Rex Ryan's first season in Buffalo has certainly caught the attention of the team's former players. Bills legend Thurman Thomas weighed in Thursday on Ryan, and what it will take for him to be successful during his tenure.
"When you bring in a coach like Rex Ryan, I think at the end of the season, he learned to (be) like, 'I can't be saying a lot more stuff. I can't be saying stuff like I did in the past. I got to really go out and prove that I'm worthy of being a head football coach in the National Football League,'" Thomas said on CBS Sports Radio, via ESPN.com. "So I think this year, coming into it, you're going to see a different Rex Ryan. I think that's gonna be a shocker to a lot of different people around the country.

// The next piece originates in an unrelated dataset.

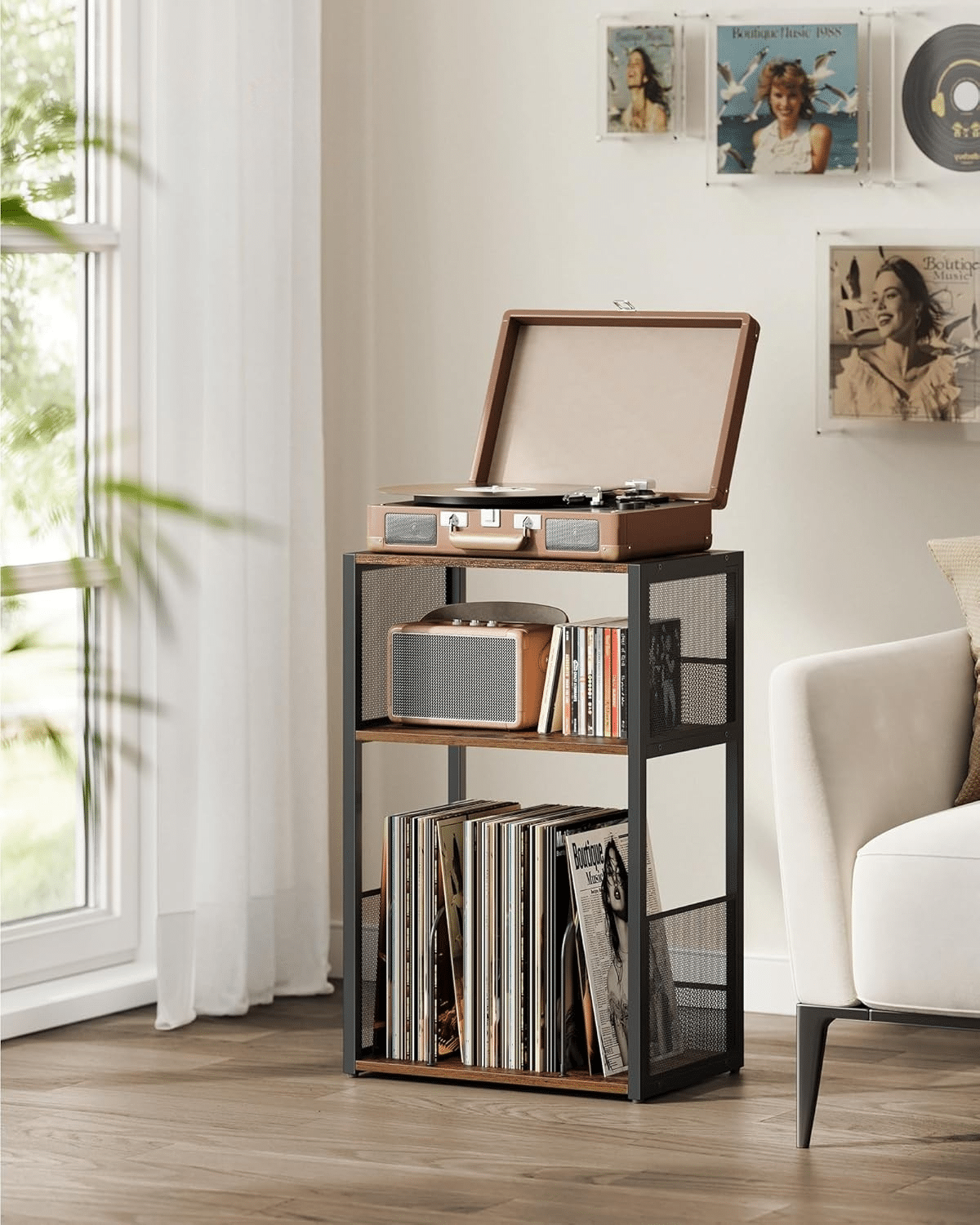 Gornja površina je idealna za gramofon, dok 2 otvorene police omogućavaju skladištenje do 100 ploča. Organizujte svoju kolekciju lako i pregledno.
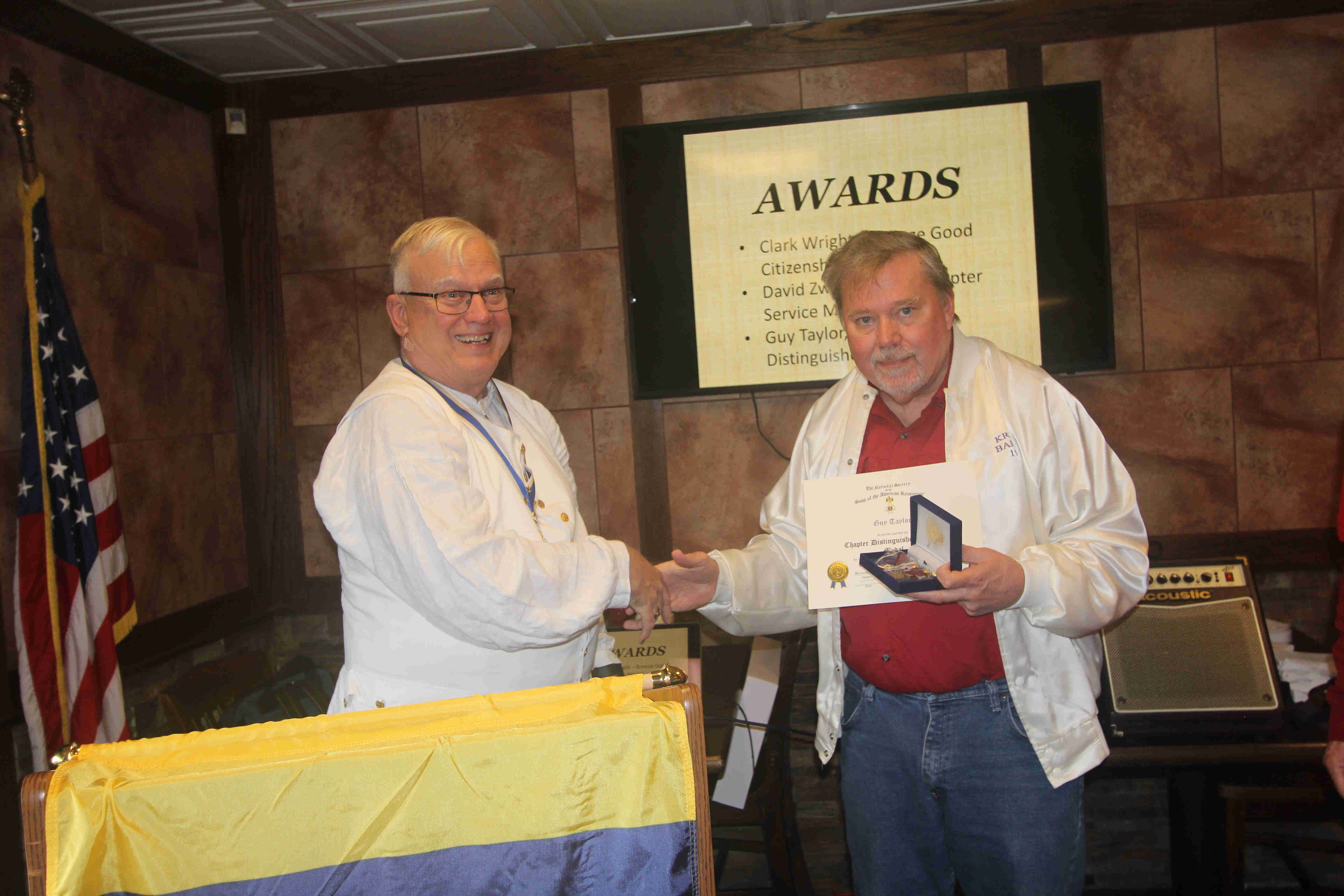 013 President John Loper presents Hugh Ferguson a certificate for providing his speech to the Chapter

"But I think he's learned his lesson. You have to perform on the field. And when you talk as much as he did last year, and the performance wasn't there, a lot of people are going to doubt, 'Are you the right coach for the Buffalo Bills?' And I think now, he's into his second year, I expect him to go to the playoffs. But we'll wait and see on that."
In terms of being the right coach, Ryan ended up being a solid choice. He energized the fan base, and pushed his general manager to sign and trade for high-profile talent. He pushed his staff to develop a quarterback in Tyrod Taylor and managed to set the team up to compete in 2016. But Ryan will always be the victim of his own honesty and passion, which is why so many of the same things were said about him during his tenure with the Jets.
After New York reached back-to-back AFC title games, Ryan was accused of talking too much and placing a target on the backs of his players. He ended up muzzling himself as the team slowly pushed away from the same energy that brought the franchise its most recognition in decades.
That Rex Ryan was sad, combative and nowhere near the joy he is when he can be himself. Thomas told CBS Sports Radio that a different Rex Ryan would be a "shocker" to the country. Would it be? Or would it be a repeat of everything we grew to mourn during the tail end of his tenure in New York?